Start of Block

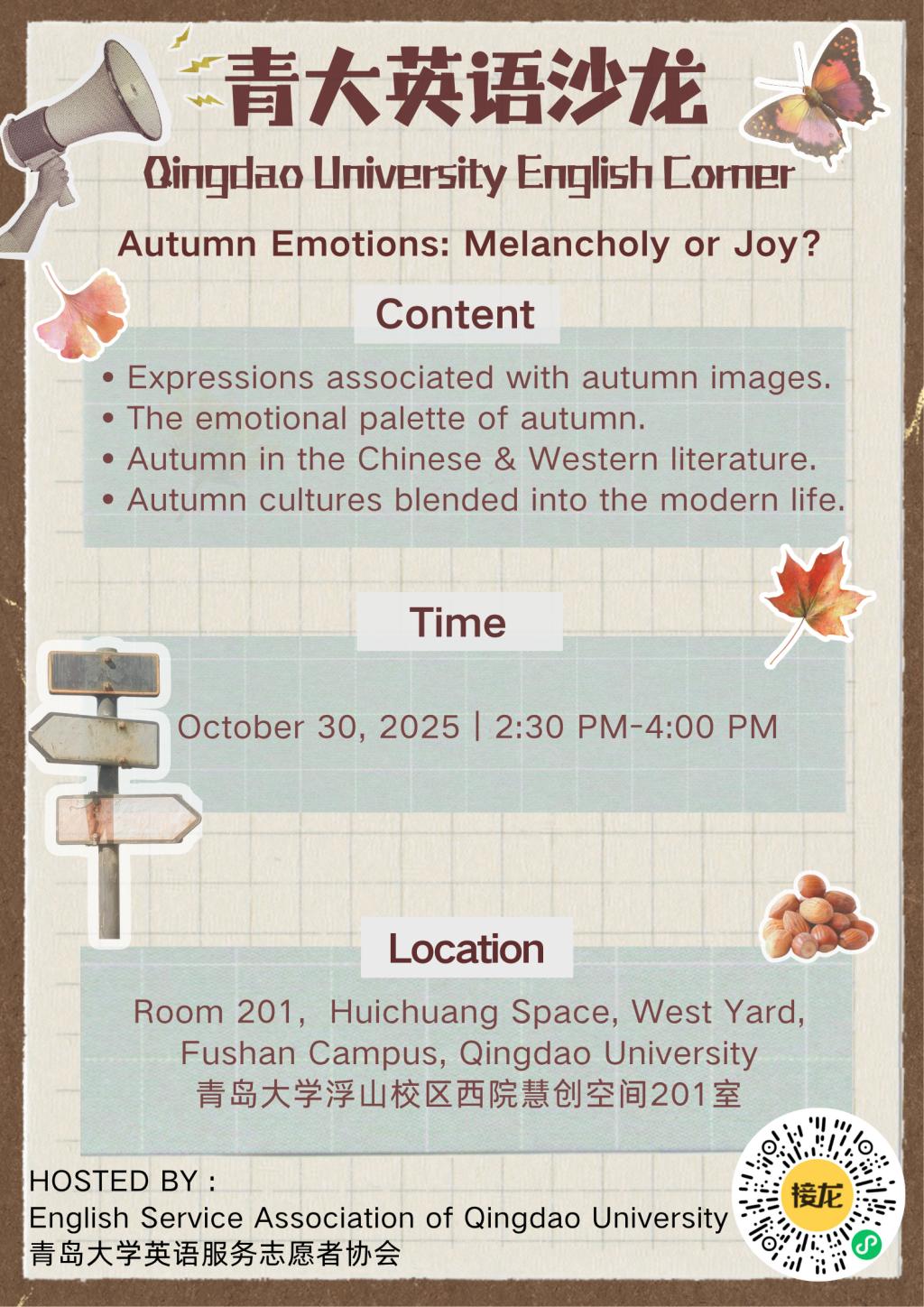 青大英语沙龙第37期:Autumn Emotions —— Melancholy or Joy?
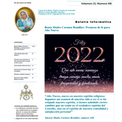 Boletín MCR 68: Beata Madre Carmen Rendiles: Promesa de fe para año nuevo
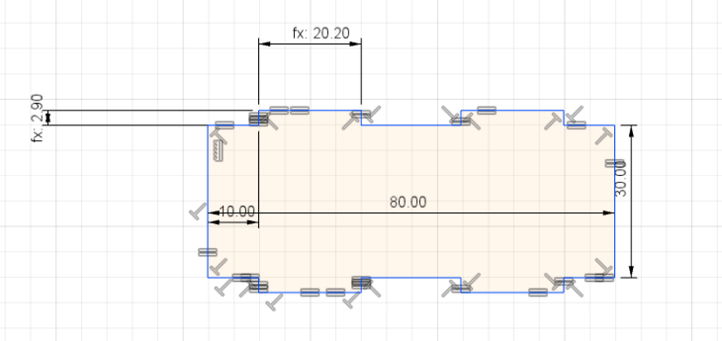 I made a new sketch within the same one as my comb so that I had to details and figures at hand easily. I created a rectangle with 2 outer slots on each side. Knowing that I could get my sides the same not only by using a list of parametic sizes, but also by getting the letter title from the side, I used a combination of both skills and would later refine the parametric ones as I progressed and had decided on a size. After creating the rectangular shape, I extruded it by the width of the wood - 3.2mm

End of Block

» **Activity**
Output the data exactly as it is, with the pictures dropped.

» **Response area**
 青大英语沙龙第37期:Autumn Emotions —— Melancholy or Joy?
 Boletín MCR 68: Beata Madre Carmen Rendiles: Promesa de fe para año nuevo
 I made a new sketch within the same one as my comb so that I had to details and figures at hand easily. I created a rectangle with 2 outer slots on each side. Knowing that I could get my sides the same not only by using a list of parametic sizes, but also by getting the letter title from the side, I used a combination of both skills and would later refine the parametric ones as I progressed and had decided on a size. After creating the rectangular shape, I extruded it by the width of the wood - 3.2mm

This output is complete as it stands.